Source data
Content starts

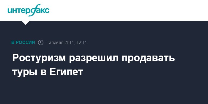 Москва. 1 апреля. INTERFAX.RU - Федеральное агентство по туризму РФ (Ростуризм) рекомендовал туроператорам и турагентствам с 1 апреля 2011 года возобновить оказание услуг по реализации турпродукта, включающего в себя путешествие российских туристов на курорты Египта.
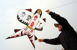 一場“迎奧運”風箏比賽日前在濰坊市寒亭區(qū)體育場舉行,28支風箏放飛代表隊參加了比賽。參加比賽的風箏多以“福娃”“五環(huán)”“巨龍”等與北京奧運會有關(guān)的內(nèi)容為題材。
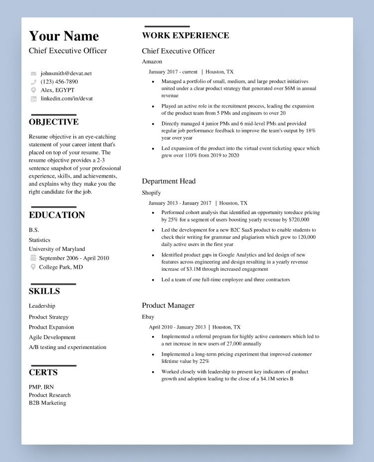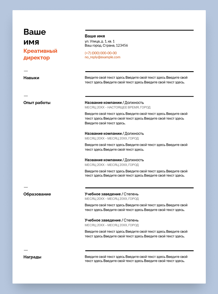 Оформление резюме на позицию руководителя должно выглядеть так же профессионально, как и содержание. Никаких лишних деталей — только четкая структура, удобочитаемые шрифты и продуманное расположение блоков. Цвет тоже имеет значение — яркие бланки для должностей топ-уровня не подойдут, они не соответствуют деловому этикету. Нужно выбирать спокойные оттенки или сдержанную монохромную гамму. В статье — 140+ шаблонов, которые помогут вам подготовить идеальный отклик на вакансию.
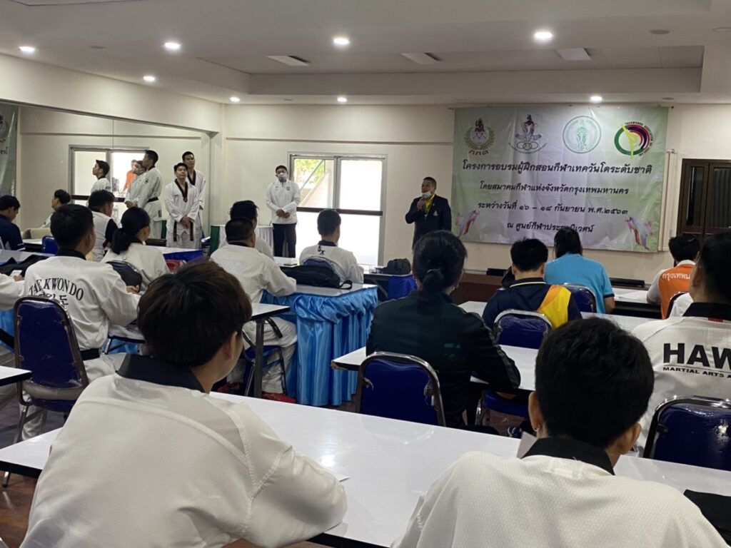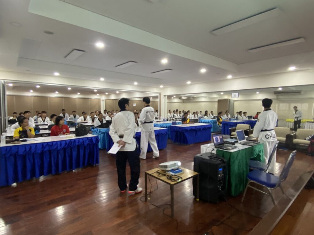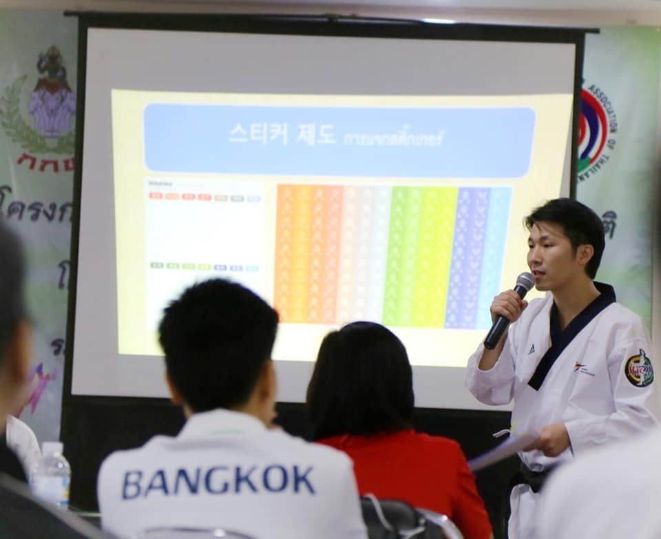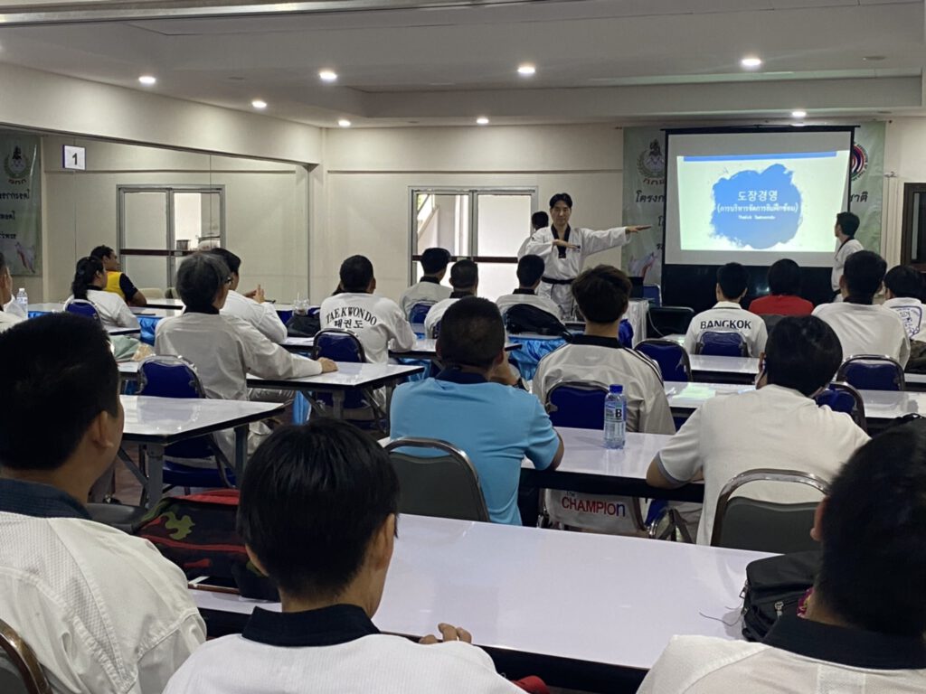ทั้งนี้ ได้รับเกียรติจากหัวหน้าผู้ฝึกสอนกีฬาเทควันโดทีมชาติไทย, โค้ชเช ยอง ซอค, โค้ชปาร์ค ฮีคัง, โค้ชลีนายอน, ชนาธิป ซ้อนขำ, และสต๊าฟโค้ชทีมชาติไทย เป็นวิทยากรในครั้งนี้ นอกจากผู้ฝึกสอนกีฬาเทควันโดที่เข้ารับการอบรมจะได้เก็บเกี่ยวความรู้ ทักษะ เทคนิค และกติกาที่ถูกต้องตามสหพันธ์เทควันโดโลก (World Taekwondo) ซึ่งกติกามีการเปลี่ยนแปลง ผู้ฝึกสอนที่เข้ารับการอบรมยังสามารถพัฒนาปรับปรุง พร้อมนำเทคนิคการสอนและการฝึกซ้อมใหม่ ๆ มาพัฒนาศักยภาพของนักกีฬาในสังกัดไปสู่การแข่งขันระดับชาติได้อีกด้วย ซึ่งหัวข้อการอบรมประกอบด้วย การฝึกซ้อมพื้นฐาน หลักการสอน หลักการฝึกกีฬาเทควันโด ประเภทพุมเซ่ การจัดการยิมเทควันโด การวิเคราะห์เกมส์การแข่งขัน เป็นต้น
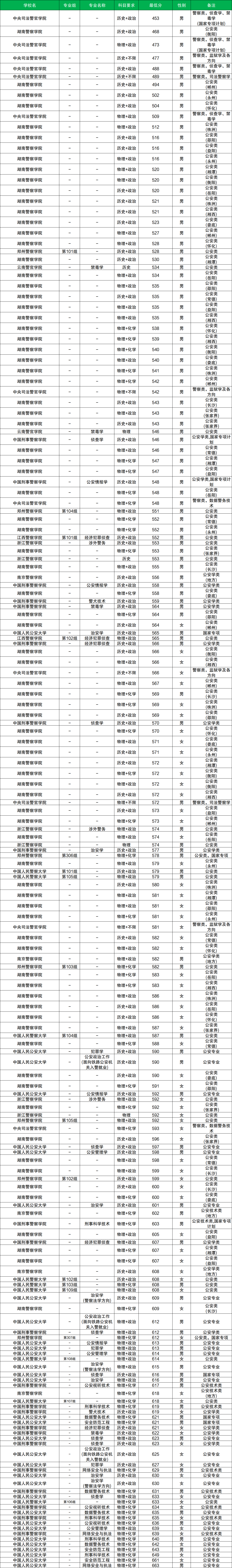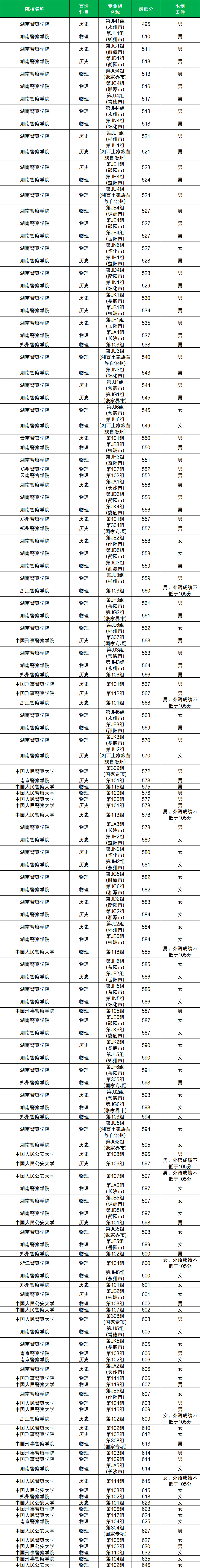 其中物理类男生分数至少在510分及以上、女生分数至少在527分及以上才有机会被录取。而物理类男生分数最低的院校是湖南警察学院(第JL4组,郴州市),物理类女生分数最低的院校是湖南警察学院(第JN6组,怀化市)。

Content ends

What the task asks
Could you write out again, exactly, the lines from the line containing "การจัดการยิมเทควันโด การวิเคราะห์เกมส์การแข่งขัน เป็นต้น" through the last line of the records above? Leave out the pictures.

Your solution
ทั้งนี้ ได้รับเกียรติจากหัวหน้าผู้ฝึกสอนกีฬาเทควันโดทีมชาติไทย, โค้ชเช ยอง ซอค, โค้ชปาร์ค ฮีคัง, โค้ชลีนายอน, ชนาธิป ซ้อนขำ, และสต๊าฟโค้ชทีมชาติไทย เป็นวิทยากรในครั้งนี้ นอกจากผู้ฝึกสอนกีฬาเทควันโดที่เข้ารับการอบรมจะได้เก็บเกี่ยวความรู้ ทักษะ เทคนิค และกติกาที่ถูกต้องตามสหพันธ์เทควันโดโลก (World Taekwondo) ซึ่งกติกามีการเปลี่ยนแปลง ผู้ฝึกสอนที่เข้ารับการอบรมยังสามารถพัฒนาปรับปรุง พร้อมนำเทคนิคการสอนและการฝึกซ้อมใหม่ ๆ มาพัฒนาศักยภาพของนักกีฬาในสังกัดไปสู่การแข่งขันระดับชาติได้อีกด้วย ซึ่งหัวข้อการอบรมประกอบด้วย การฝึกซ้อมพื้นฐาน หลักการสอน หลักการฝึกกีฬาเทควันโด ประเภทพุมเซ่ การจัดการยิมเทควันโด การวิเคราะห์เกมส์การแข่งขัน เป็นต้น
 其中物理类男生分数至少在510分及以上、女生分数至少在527分及以上才有机会被录取。而物理类男生分数最低的院校是湖南警察学院(第JL4组,郴州市),物理类女生分数最低的院校是湖南警察学院(第JN6组,怀化市)。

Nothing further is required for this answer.